Именно это преодоление определенного количественного порога позволяет говорить о современном феномене наркомании: возросло количество индивидов, которые имеют легкий доступ к возможности повторить этот акт, особняком или же нет, в частном порядке или же на публике, а также во всякой зоне, где это разграничение теряет свои последовательность и строгость.

Я думаю, что в тот самый момент, когда мы говорим об этом, более невозможно растождествить наркоманскую «современность» от того, что настигло человечество, в виде одного из наиболее значительных событий его истории — события, носящего характер откровения, что синонимично высказыванию о его апокалиптичности. И имя ему СПИД. Без сомнения мы поговорим об этом позднее…

Вы связываете эту современность с серийным производством? С повторением? Мы вновь встречаем проблематику письма, проблематику фармакона?

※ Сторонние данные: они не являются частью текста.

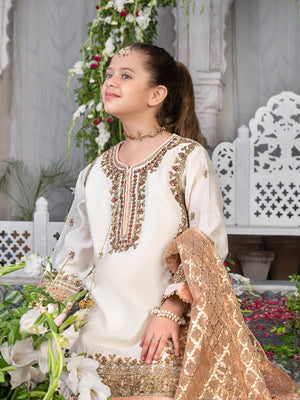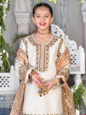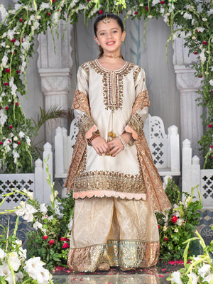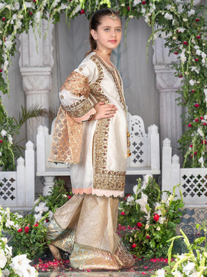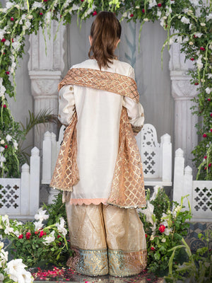 Ally's Kids Off-White Raw Silk Suit with Sharara (AR-83)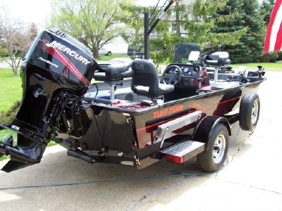 New User Posts: 4 | Was not able to try props I bought the boat from a dealer in Northern Wisconsin where I bought my first two from. Drove 800 miles to pick it up....I like to be loyal to people that have always treated me fair everyone deserves to make a buck and I like to give my money to people who I trust and feel good about and now they will help you out in a pinch. Attached are pics of my first two Tuffy's and one more of my new one. If my memory serves me I thought I was able to do about 48mph with the 2-stroke 90 Mariner. I quess I'am just curious about getting more speed and wondering if the motor is mounted in the wrong hole because my son bought a boat that weights twice as much and he can do 54mph....its a Nitro bass boat with a 115 Merc. Opti Max. I think I will go to a local dealer here in Cleveland and have him raise the motor one or two holes and try a 13.25 x 19 ss prop. I think that is what I had on my old Tuffy but I can't remember.... Thanks Change often and keep twitching Rich Attachments ---------------- Black Tuffy 4.jpg (54KB - 234 downloads) Black Tuffy 4.jpg (54KB - 307 downloads) | ||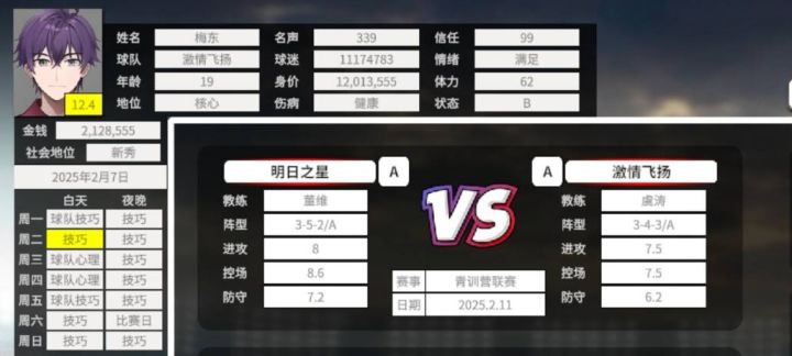 传送门:一、左上方1.信任值。每次比赛日点击活跃气氛能稳定+2高状态的参加俱乐部的训练,每周一三四五上午主教练的训练一定要保持体力>25并且参加(参加方法:直接点击下一步就行,不要自行去训练场和心理室),不参加的话有概率获得旷工特性(很久才消除),会持续减信任,导致上不了场。状态高每次训练结束会+信任值。每场比赛结束,表现好会+信任。2.状态。每天上午随机刷新状态。受到情绪值和心态属性

Жак Деррида — На самом деле, я пытался связать проблематику фармакона со столь озадачивающей «логикой» того, что мы спокойно называем «повторением». В «Федре» письмо представляется королю, перед лицом закона и политической инстанцией власти, в качестве полезного pharmakon, потому что, утверждает Тевт, оно позволяет повторять и припоминать. Это могло бы быть хорошим повторением на службе у воспоминаний о далеком прошлом. Но король устраняет это повторение. Это не плохое повторение. «Ты открыл pharmakon не для памяти (mnèmè), а для припоминания (hypomnesis)». «Письмо» как pharmakon не служит памяти, аутентичной памяти. Оно является вспомогательной мнемотехникой для плохой памяти. Оно имеет больше сходства с забытьем, симулякром, плохим повторением, нежели с воспоминаниями и истиной. Этот pharmakon притупляет рассудок, он теряет память вместо того, чтобы стоять у нее на службе. Таким образом, во имя аутентичной и живой памяти, и в равной мер во имя истины, власть относится подозрительно к этому опасному наркотику, коим является письмо, т.е. Что приводит не только к забытью, но и безответственности. Письмо есть сама безответственность, приют для блуждающего и игривого знака. Письменность — это не просто наркотик, это игра, paidia, и игра плохая, если она более не упорядочивается философской заботой об истине. В таком случае внутри риторики семейной сцены никакой отец больше не может ручаться за это [за свое творение], никакая оживленная и чистая речь не смогли бы ему помочь. Злой pharmakon всегда может паразитировать на хорошем pharmakon, плохое повторение всегда может паразитировать на хорошем. Это паразитирование одновременно случайно и сущностно. Как и всякий хороший паразит, оно одновременно внутри и снаружи. Внешнее питается внутренним. И если использовать эту схему питания, то мы очень и очень близки к тому, что называется наркотиком в общем смысле, который чаще всего и «потребляется» [т.е. смысл] нами. «Деконструкция» всегда внимательна к этой устойчивой логике паразитирования. В качестве дискурса деконструкция всегда является дискурсом о паразите, паразитирующим диспозитивом, который сам паразитирует на паразите, сверхпаразитарным дискурсом.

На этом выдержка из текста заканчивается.